Diosdado Cabello, a former army buddy of Chavez who in his one act has temporary leader sent special forces to rescue the president in 2002, said he hoped the string of attacks on diplomats was just a coincidence.

“We hope … it’s not turned into a plan by some sectors of the opposition looking for small events to help lift them up in the polls,” said Cabello, who now heads the National Assembly.

Stung by the charges that criminality is out of control, Chavez’s administration is revamping its main investigative police unit, has created new public safety organizations, and says it has cut the Caracas murder rate by 10 percent this year.

By contrast, the government says, serious crime in Capriles’ state Miranda, which includes some of the capital, has risen.
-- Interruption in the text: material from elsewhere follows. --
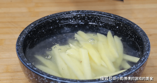3、冲洗完土豆之后将它沥干水分,放到案板上,先用刀切成薄片再切成长条,长条不要太粗,要稍微细一点,这样比较容易炸熟。土豆全部切完之后咱们将其放入清水中先抓洗一下,然后再放入白醋清洗一遍,这样会让土豆吃起来更加美味。

Many Venezuelans are skeptical of figures from either side, especially during a bitter election campaign. Many also prefer to stay indoors after dark, rather than risk the streets.

Given the attacks on the diplomatic community, foreign envoys are taking even fewer chances. One senior Western diplomat told Reuters the focus on his security had recently been ramped up from an already high level of vigilance.

He has to call his security team much more often, and can no longer visit parts of the Avila, the mountain crisscrossed with popular hiking trails and picnic sites that towers over Caracas.

“We are all really, really worried,” the diplomat said. “No area is safe. There is nowhere off-limits to the criminals.”